Written in Montreux, Switzerland, and despatched to TechRepublic at 2Mbps over an open wi-fi hub..
Over the past 18 months a number of articles and scientific papers have hit my screen describing various energy-harvesting schemes. Bluntly, these have spanned the vaguely feasible to the purely nonsensical.
At the unlikely end of the spectrum is the idea of using keystrokes, button presses and screen swipes to power mobile phones, tablets and laptops. Equally problematic schemes include collecting energy from cycling and rowing machines at health clubs and gyms.
Even at the apparently obvious end of these endeavours, which involve collecting energy from vehicles and people excercising, success depends on bad design and incomplete thermodynamic accounting. The best description I can come up with for the misplaced enthusiasm focused on this topic is:
These people want to fill a swimming pool with a tea spoon when it makes more sense to plug the leak.
Let's just examine the incomplete analysis and wrong-thinking on this topic by probing the health-club example.

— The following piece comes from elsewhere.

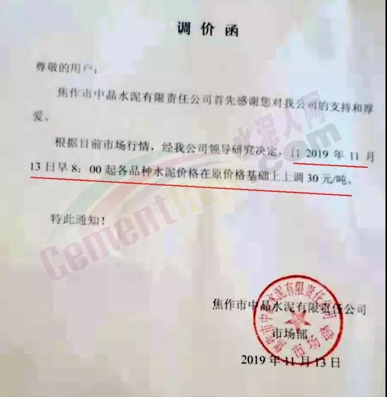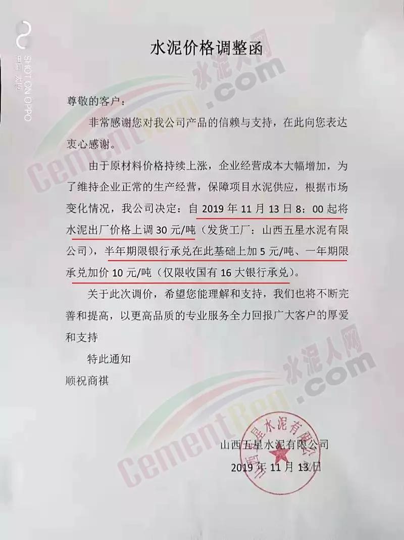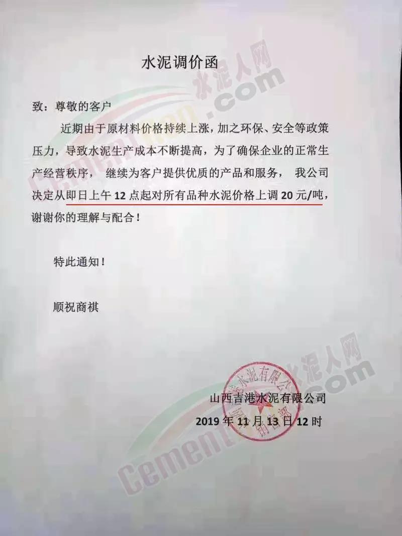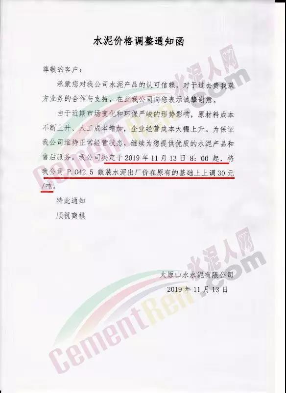 太原山水水泥有限公司水泥價(jià)格調(diào)整通知函稱,由于近期市場(chǎng)變化和環(huán)保嚴(yán)峻的形勢(shì)影響,原材料成本不斷上升、人工成本增加,企業(yè)經(jīng)營成本大升。為保證公司維持正常經(jīng)營狀態(tài),公司決定于11月13日8時(shí)起將公司P.O42.5散裝水泥出廠價(jià)在原有的基礎(chǔ)上上調(diào)30元/噸。

Here we have people expending energy to keep fit and well by exercising on running, cycling and rowing machines. But, you may ask, where the harvested energy is coming from. It certainly doesn't come for free.
The true cost of energy
To create this power, these gym habitués have to eat food that has cost energy and materials to produce, transport, store and prepare. And those modified exercise machines have required materials, production, transport, installation and maintenance in materials and energy. Do you suppose for a moment that the energy collected is somehow green after all this? I don't think so. It has a cost.
So what about the vibration caused by engines and road movement in vehicles? There is definitely energy to be collected here, but better design that dampens engine vibration and improves suspension systems saves more energy than can be harvested.
Obviously, collecting energy from existing vehicles could make sense, but new ones should not be designed with that in mind.
How can we be so sure that my argument is all true? The laws of thermodynamics. They mean there is no free lunch. You never get something for nothing. No matter what you do, entropy always increases.
In most areas we can get a far better outcome by concentrating on better design and greater primary efficiency.
Implanted electronics in human beings
Collecting μW, mW and watts when the object of our attention should be the consumption of kW is not very smart. However, there are a few areas where the trade-offs might just work well. One such is the powering of implanted electronics in human beings such as pacemakers, respiratory and brain stimulators.
Inserting batteries into people and then sewing them up, or having wires protruding through the skin is far from ideal. Energy harvesting from arterial blood flow, heart or muscle movement is therefore very attractive. Better still, the numbers actually make sense.
Watts of energy are available but only μW and mW are required – and better still a life is saved, improved, and extended.
But on another level batteries are always nasty in terms of the materials used, manufacture processes, their disposal and recycling. For me, this is one equation that works.
Peter Cochrane is an engineer, scientist, entrepreneur, futurist and consultant. He is the former CTO and head of research at BT, with a career in telecoms and IT spanning more than 40 years.